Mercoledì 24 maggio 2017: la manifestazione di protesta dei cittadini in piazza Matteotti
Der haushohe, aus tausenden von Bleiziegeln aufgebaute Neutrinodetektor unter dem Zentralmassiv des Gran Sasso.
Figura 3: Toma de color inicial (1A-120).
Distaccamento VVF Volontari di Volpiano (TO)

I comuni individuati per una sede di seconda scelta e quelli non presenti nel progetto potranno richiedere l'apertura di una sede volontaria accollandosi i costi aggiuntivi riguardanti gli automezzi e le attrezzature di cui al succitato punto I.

==

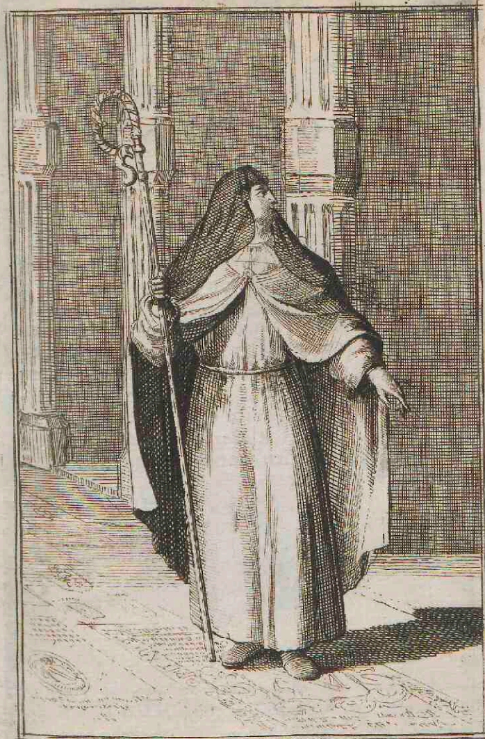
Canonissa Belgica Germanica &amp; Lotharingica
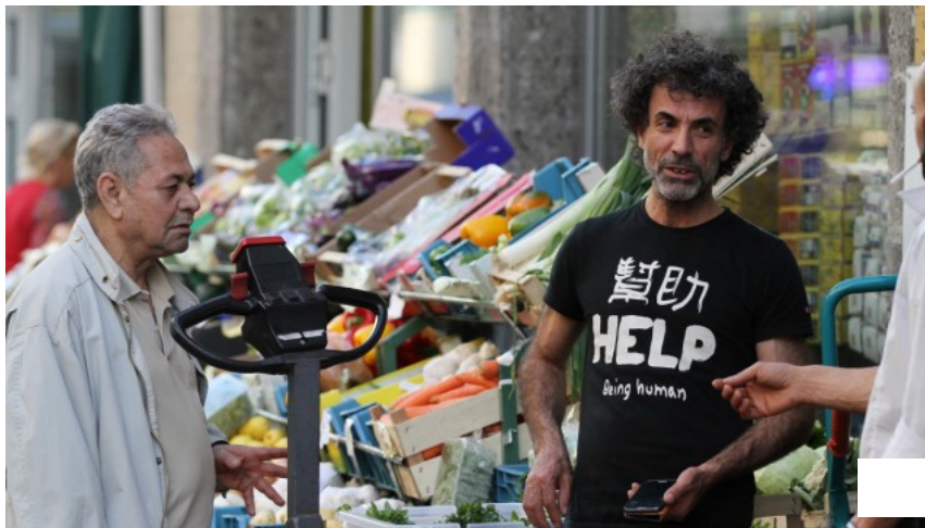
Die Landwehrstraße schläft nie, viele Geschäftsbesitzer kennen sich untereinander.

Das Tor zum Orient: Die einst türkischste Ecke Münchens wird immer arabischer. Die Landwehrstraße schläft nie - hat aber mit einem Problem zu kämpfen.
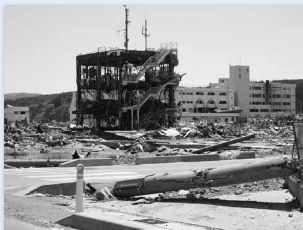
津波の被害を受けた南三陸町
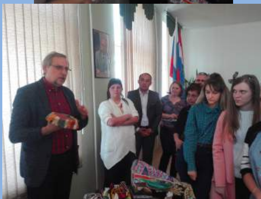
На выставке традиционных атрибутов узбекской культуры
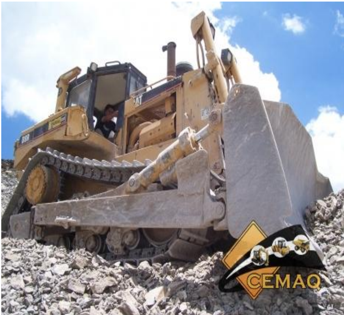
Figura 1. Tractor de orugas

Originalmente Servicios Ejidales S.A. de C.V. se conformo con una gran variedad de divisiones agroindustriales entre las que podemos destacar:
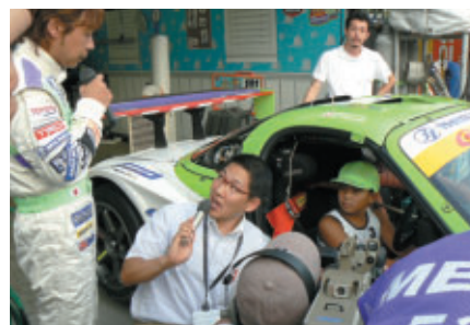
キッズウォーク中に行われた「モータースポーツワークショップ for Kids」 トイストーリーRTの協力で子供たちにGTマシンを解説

==

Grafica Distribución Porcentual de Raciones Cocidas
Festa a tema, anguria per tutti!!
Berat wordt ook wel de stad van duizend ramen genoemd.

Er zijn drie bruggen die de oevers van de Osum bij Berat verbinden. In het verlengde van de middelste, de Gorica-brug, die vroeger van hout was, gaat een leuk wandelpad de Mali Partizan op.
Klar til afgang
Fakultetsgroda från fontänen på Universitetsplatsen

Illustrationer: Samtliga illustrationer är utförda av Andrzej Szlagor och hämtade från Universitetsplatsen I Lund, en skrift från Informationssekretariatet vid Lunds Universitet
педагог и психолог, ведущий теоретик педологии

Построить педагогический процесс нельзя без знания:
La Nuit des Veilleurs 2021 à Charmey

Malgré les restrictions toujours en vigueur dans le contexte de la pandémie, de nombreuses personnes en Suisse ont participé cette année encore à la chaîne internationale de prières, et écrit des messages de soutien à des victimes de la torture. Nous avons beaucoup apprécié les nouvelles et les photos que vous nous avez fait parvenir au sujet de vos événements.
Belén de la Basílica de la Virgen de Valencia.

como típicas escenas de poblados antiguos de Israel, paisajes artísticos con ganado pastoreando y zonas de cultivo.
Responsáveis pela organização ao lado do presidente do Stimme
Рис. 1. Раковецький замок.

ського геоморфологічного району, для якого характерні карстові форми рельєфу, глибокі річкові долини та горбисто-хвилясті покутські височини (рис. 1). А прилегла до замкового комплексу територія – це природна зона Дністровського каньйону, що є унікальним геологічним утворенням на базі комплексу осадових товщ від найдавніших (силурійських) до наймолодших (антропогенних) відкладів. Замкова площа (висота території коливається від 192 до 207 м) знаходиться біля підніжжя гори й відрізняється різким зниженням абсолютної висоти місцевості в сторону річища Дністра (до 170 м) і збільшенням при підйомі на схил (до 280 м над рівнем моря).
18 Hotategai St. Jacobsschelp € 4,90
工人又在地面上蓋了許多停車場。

- YOUR TASK -
Where the data above reaches the line holding "Mercoledì 24 maggio", begin printing, and stop after the line holding "I comuni individuati". Each line must be reproduced exactly, with nothing else added.

- SOLUTION TO THE PROBLEM -
Mercoledì 24 maggio 2017: la manifestazione di protesta dei cittadini in piazza Matteotti
Der haushohe, aus tausenden von Bleiziegeln aufgebaute Neutrinodetektor unter dem Zentralmassiv des Gran Sasso.
Figura 3: Toma de color inicial (1A-120).
Distaccamento VVF Volontari di Volpiano (TO)

I comuni individuati per una sede di seconda scelta e quelli non presenti nel progetto potranno richiedere l'apertura di una sede volontaria accollandosi i costi aggiuntivi riguardanti gli automezzi e le attrezzature di cui al succitato punto I.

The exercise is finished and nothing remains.